(Dataset records)
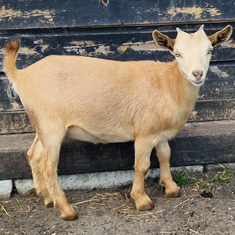 Dit meisje konden wij niet voorbij laten gaan. Zo een mooi egaal Camel mieke met Blauwe ogen. De kleurstelling in combinatie met oogkleur is iets waar we een zwak voor hebben. Toen wij zagen dat zij te koop kwam bij de dwerggeitenstal 'De Tolheuvel', moest het zo zijn. Omdat Felice du Maison de la Valeur het enige Mieke is die we dit jaar aanhouden, is dit mieke Felice haar gezelschap tijdens het spenen. Zij hebben dan elkaar, als ze gedurende 6 weken van de kudde gescheiden zijn.
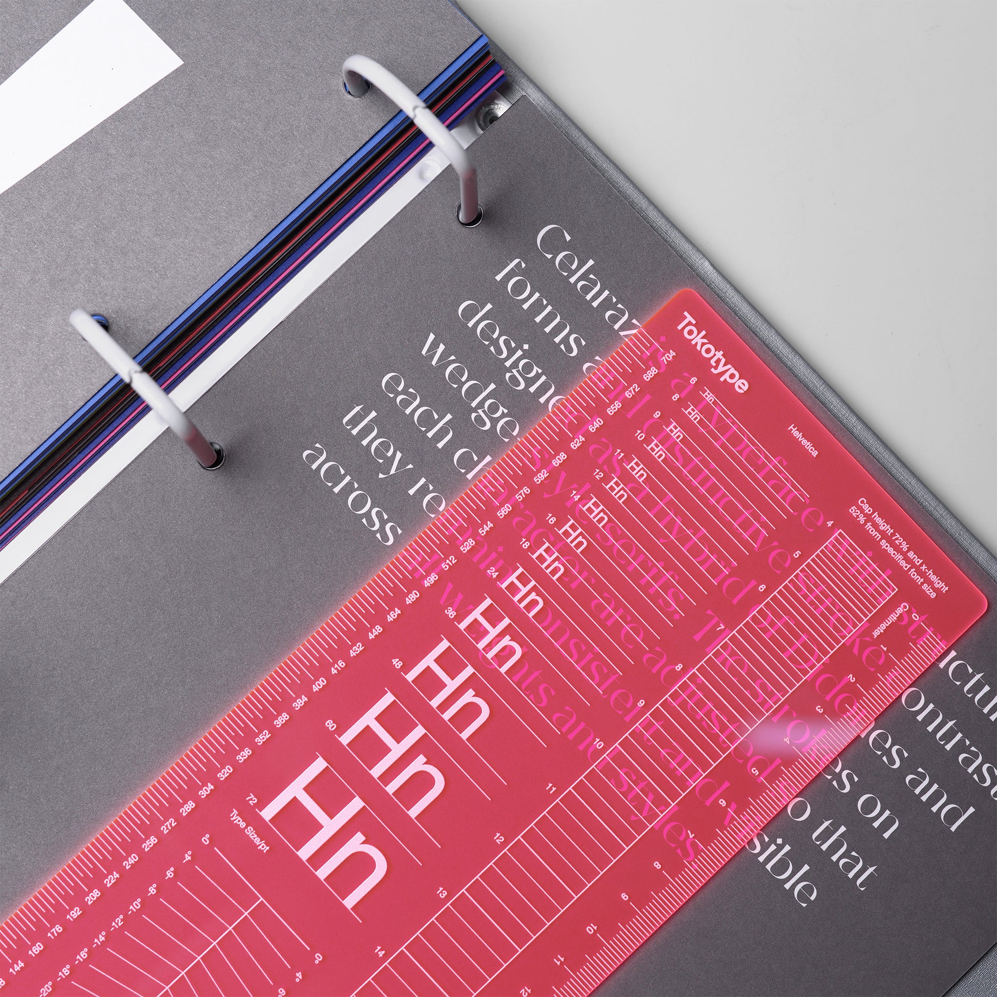 The type measurement is an essential tool for graphic designers and typographers. Made from durable pink plastic, this ruler is perfect for measuring type size and layout for any design projects. With clear markings and a perfect gauge to help accurately measure type, this tool will become a must-have for any designer.
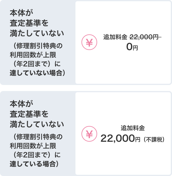 - 査定基準を満たさない場合の追加料金はこちらをご確認ください。
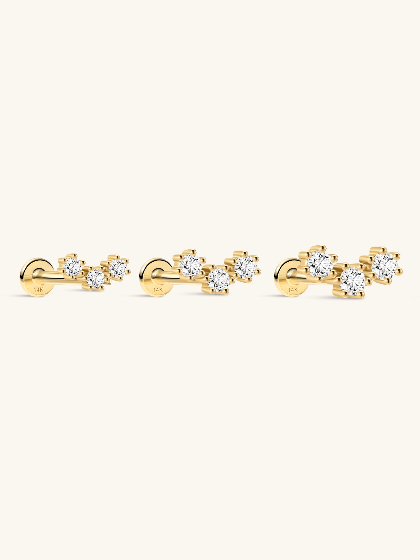 Kolczyk do przekłuwania uszu z 14-karatowego złota i cyrkonii
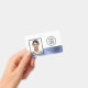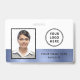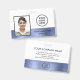 badge simple, élégant et chic d'identification photo employé avec un faux ruban bleu métallique. Customisez l'avant avec votre logo, le nom de la photo de l'employé et le titre du poste. Au verso, ajoutez le nom de votre société et d'autres informations.
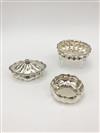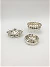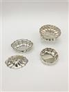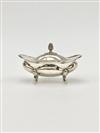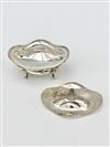 TWO SIGNED BUCCELLATI STERLING SILVER SMALL MOLDED CIRCULAR DISHES, AND TWO LIFT-TOP FOOTED DISHES. Dishes have shaped oval outlines, one with acorn finial. Largest dish, D: 5 1/2 in. Total wt. 22.8 troy oz. - l. Property from the Estate of Erich G. Holzapfel, Washington, DC Estimate $500-700
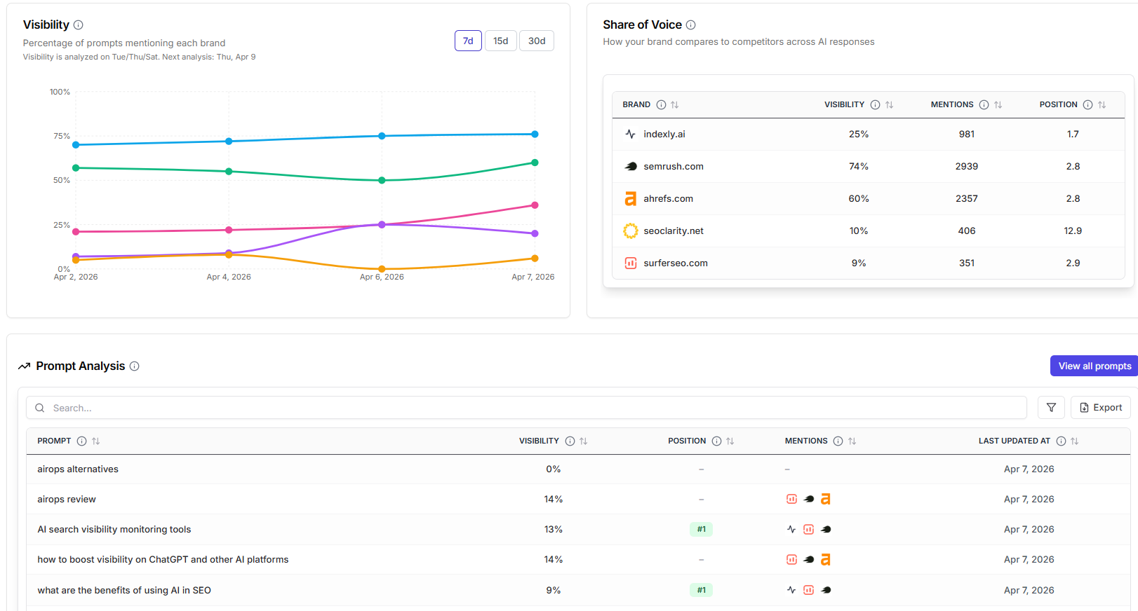 AirOps is focused on automating and scaling content production, helping teams streamline workflows and generate large volumes of content efficiently. Indexly, while it also includes content discovery and content opportunity features, is primarily focused on AI search visibility, helping brands understand how often they appear in AI-generated answers and improving their presence across tools like ChatGPT, Perplexity, and Gemini.
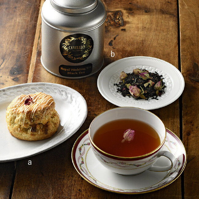 目黒の名店〈スリーティアーズ〉と〈カメリアズティーハウス ロンドン〉のコラボレーションで新作スコーンが登場! 〈カメリアズティーハウス ロンドン〉の人気ブレンド「ロイヤルウェディングティー」に合うスコーンを、大の「ロイヤルウェディングティー」ファンの一ノ木理恵シェフが考案のバターリッチな生地にロースペタルとミルクの風味豊かなホワイトチョコレートを練り込みました。
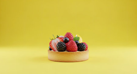 Appetizing Mini Fruit Tart Lemon Yellow Background Colorful Dessert Baking
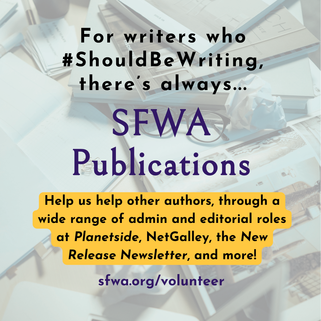 Publications: If you have experience with line or copy editing, consider joining SFWA Publications! The Pubs Crew primarily selects pitches and works with authors on line edits for The SFWA Blog. Typically, this involves line-editing one short piece (800–1000 words) a month, evaluating pitches, advocating for new content, and attending our monthly meeting. Other programs that run through SFWA Publications include New Release Newsletter, NetGalley Partnership Program, In Memoriam, and Monthly Market Report, so we also welcome general volunteers looking to grow their skills in a variety of design and publishing pursuits. Training will be provided!
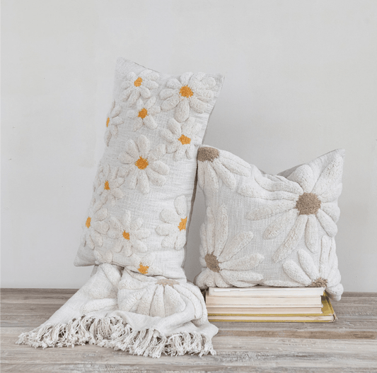 18" Square Cotton Slub Pillow with Tufted Flowers
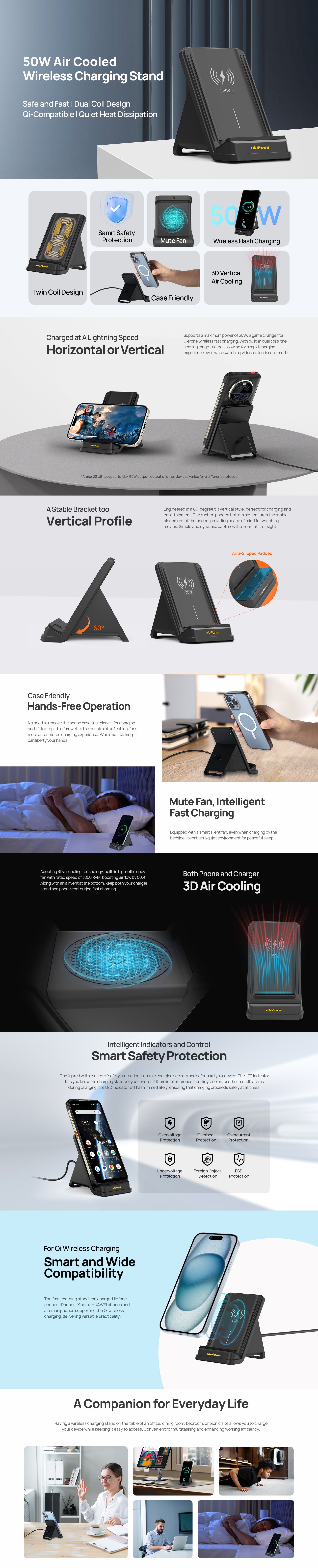 50W Air-Cooled Wireless Charging Stand: Efficient heat dissipation with dual-coil design.
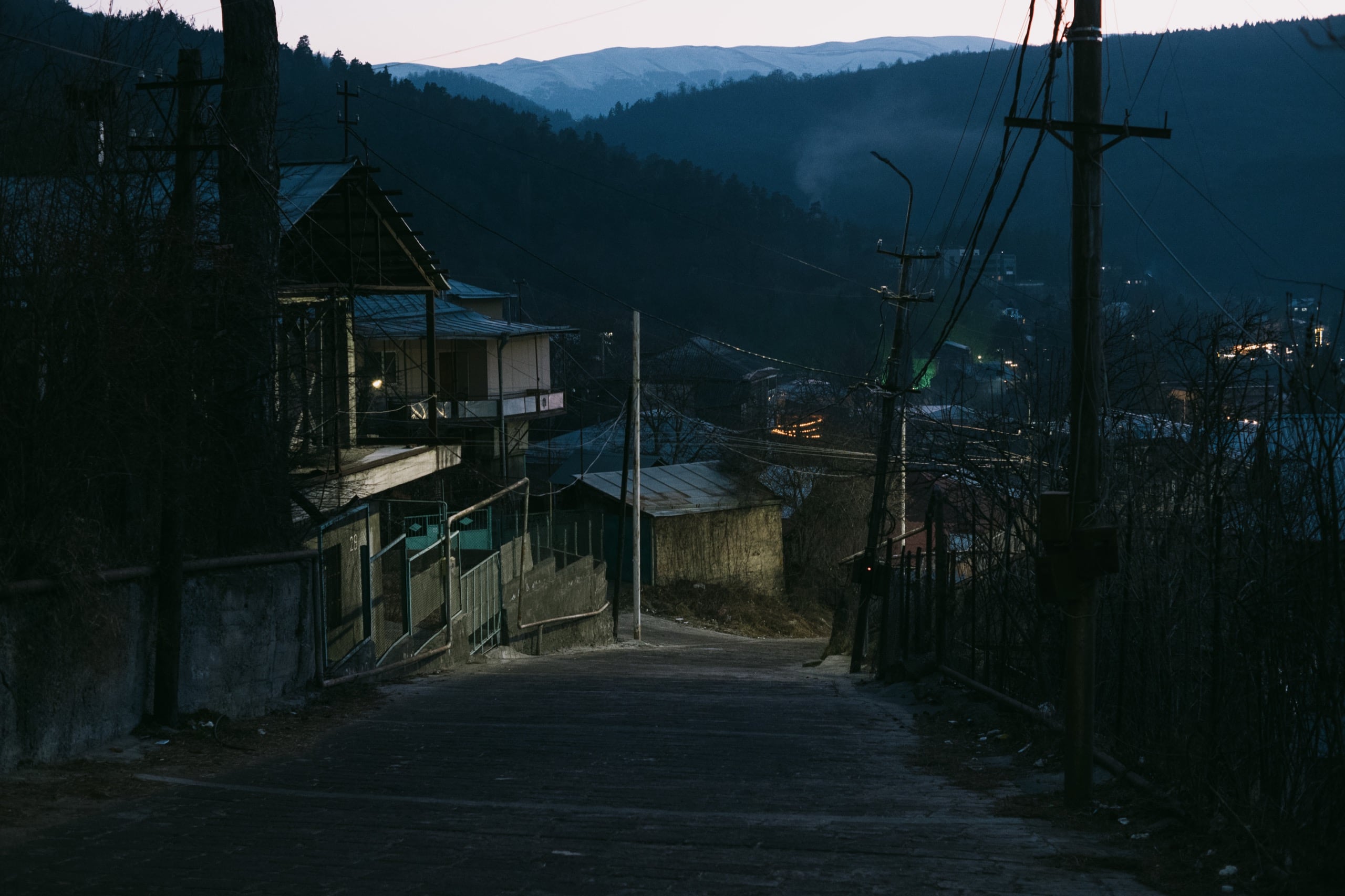 В город зашли за минуту до заката — в 17:35. К этому моменту нас окружил сумеречный полумрак и только маленький розовый зайчик на макушке горы Кхуир подсказывал, что светило за горизонт ещё не закатилось.

What needs to be done
Copy exactly, and only, the lines running from the one containing "50W Air-Cooled Wireless" through the final line of the data, and omit the pictures.

Response area
 50W Air-Cooled Wireless Charging Stand: Efficient heat dissipation with dual-coil design.
 В город зашли за минуту до заката — в 17:35. К этому моменту нас окружил сумеречный полумрак и только маленький розовый зайчик на макушке горы Кхуир подсказывал, что светило за горизонт ещё не закатилось.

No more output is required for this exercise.